Monday, July 19, 2010

Drench My Soul In Shades of Gold


I encounter them everyday, those people walking with their heads down, counting the cracks in the concrete. They avoid eye contact and they do not smile at all except for the occasional world-weary grimace that reeks of cynicism and mistrust.


They have been judged, or ridiculed, or dismissed, or betrayed. They have been the casualty in the torrid affair. The pawn in the game. The loser, the prey, the fool, the target.


They wear their pain like a thick, twisted shawl, enveloping themselves within it as their wounds fester and multiply like a relentless cancer intent on destroying its dwelling.


They have forgotten what it feels like to be open and vulnerable. They have learned to expect the heartache, the deception, the stab in the back. Their defenses are up. They are armed and dangerous.

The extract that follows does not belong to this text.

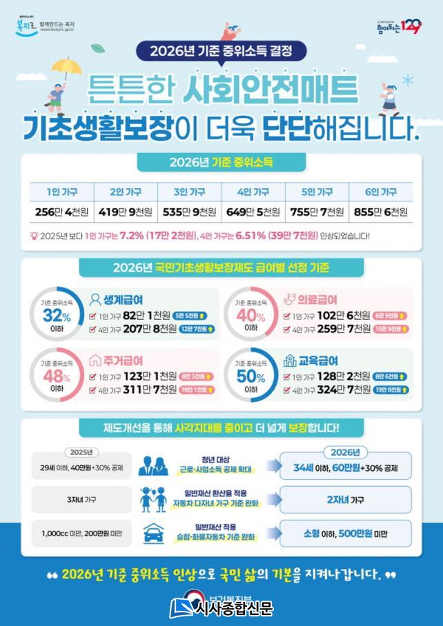 2026³â ±âÁØ ÁßÀ§¼ÒµæÀº 4ÀÎ °¡±¸ ±âÁØÀ¸·Î ¿ÃÇØ 609¸¸ 7,773¿ø¿¡¼ 6.51% ÀλóµÈ 649¸¸ 4,738¿øÀ¸·Î °áÁ¤µÆ´Ù. ¿ª´ë ÃÖ°í ¼öÁØÀÇ ÀλóÀ²ÀÌ´Ù. »ý°è±Þ¿©´Â 1ÀÎ °¡±¸ ±âÁØ ÃÖ´ë 82¸¸ 556¿ø, 4ÀÎ °¡±¸´Â ÃÖ´ë 207¸¸ 8,316¿øÀ¸·Î °¢°¢ 5¸¸ 5,000¿ø¡¤12¸¸ 7,000¿øÀÌ ÀλóµÈ´Ù.
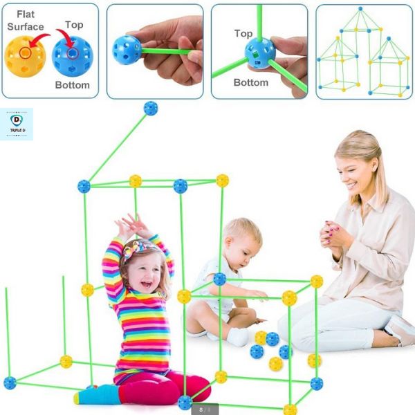 ¡Fomenta la creatividad de tus hijos con el kit de construcción FORTKID! Construye una fortaleza mágica donde tus pequeños podrán explorar, jugar y soñar. ¡Con 87 unidades de palos y juntas de plástico resistente, podrán crear infinitas estructuras de castillos o construir una gran fortaleza y gobernar como auténticos reyes y reinas!

I have lived among them, these Walking Wounded. I have been their kind.


I suspect we all have, at some point or another. We are flawed human beings and, as such, we get lost in our own delusions, become consumed by ego-driven determination and, intentionally or not, we hurt each other.


And we carry the hurt like a badge that states, “I have been hurt. I have hurt others. Stay away.”


We erect walls around ourselves, solid and durable and nearly impenetrable. We speak with spite and regard others with suspicion. We repeat the same story again and again, embellishing the details every time, clearly drawing the line between villain and victim. We refuse to forget. We especially refuse to forgive.


We falsely believe that forgiving means denying the pain that we’ve suffered and letting the offender off the hook. So we latch on to those old injuries and insults because we have been unjustly harmed and we want the perpetrator to pay.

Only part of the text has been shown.